Major websites are blocking AI crawlers from accessing their content
Nearly 20% of the top 1000 websites in the world are blocking crawler bots that gather web data for AI services, according to new data from Originality.AI, an AI content detector.
Why it matters: In the absence of clear legal or regulatory rules governing AI’s use of copyrighted material, websites big and small are taking matters into their own hands.
Driving the news: OpenAI introduced its GPTBot crawler early in August, declaring that the data gathered “may potentially be used to improve future models,” promising that paywalled content would be excluded and instructing websites in how to bar the crawler.
- Soon after, several high-profile news sites, including the New York Times, Reuters and CNN, began blocking GPTBot, and many more have since followed. (Axios is among them.)
By the numbers: Of the 1000 most visited websites in the world, the number of sites blocking OpenAI’s ChatGPT bot has increased from 9.1% on Aug 22 to 12% on Aug 29, per Originality.AI’s data.
- The biggest sites blocking ChatGPT’s bot are Amazon, Quora and Indeed. Bigger websites are more likely to have already blocked AI bots, the data shows.
- The Common Crawl Bot — another crawler that regularly gathers web data used by some AI services — is being blocked 6.77% of the time across the top 1000 sites.
How it works: Any page you can access from a web browser can also be “scraped” by a crawler — which operates just like a browser but stores the material in a database instead of displaying it to a user.
- That’s how search engines like Google gather their information.
- Site owners have always had the ability to post instructions that tell these crawlers to go away — but cooperation is strictly voluntary, and bad actors can ignore the instructions.
The big picture: Google and other web firms see their data crawlers’ work as fair use, but many publishers and intellectual property holders have long objected, and the company has faced multiple lawsuits over the practice.
- The rise of large language models and generative AI has pushed this question back into the spotlight, as AI companies send out their own crawlers to collect data to train their models and provide fodder for their chatbots.
Reality check: Some publishers saw at least some value in letting search crawlers access their sites since Google and other search sites sent users to their ad-supported sites.
- But in the AI era, publishers are more aggressively blocking crawlers because there’s no upside, for now, in handing over their data to AI companies.
- Many media companies are currently in talks with AI firms about licensing their data to AI companies for a fee, but those talks are in early stages.
- In the interim, some websites and intellectual property holders are taking or considering legal action against AI companies that may have used their data without permission.
Our thought bubble: Media outfits that feel they got taken by Google over the past two decades are eyeing the rapid commercialization of AI services like OpenAI with hostility and a “we won’t get fooled again” attitude.

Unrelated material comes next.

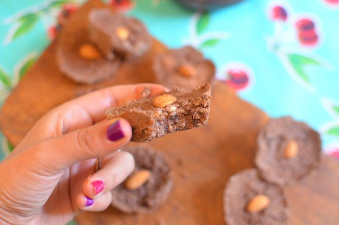 Remojar los dátiles 10 minutos en agua caliente. Luego agregarlos a la procesadora junto con las almendras, coco rallado y 2 cucharadas de cacao amargo.

- OpenAI is reportedly on track to bring in more than $1 billion in revenue over the next year, per The Information.
Zoom in: News companies specifically are struggling to find the right balance between embracing AI and resisting it.
- On one hand, the industry is desperate to find innovative ways to improve profit margins in their labor-intensive business.
- On the other, introducing AI into a newsroom’s workflow, at a time when trust in news companies is at a historic low, presents challenging ethical questions.
What to watch: If too much of the web blocks AI crawlers, their owners could find it harder to refine and update their AI products — and good data is getting tougher to find.
- Originality.AI found that the rate of blocking the GPTBot among the top 1000 websites is increasing roughly 5% per week.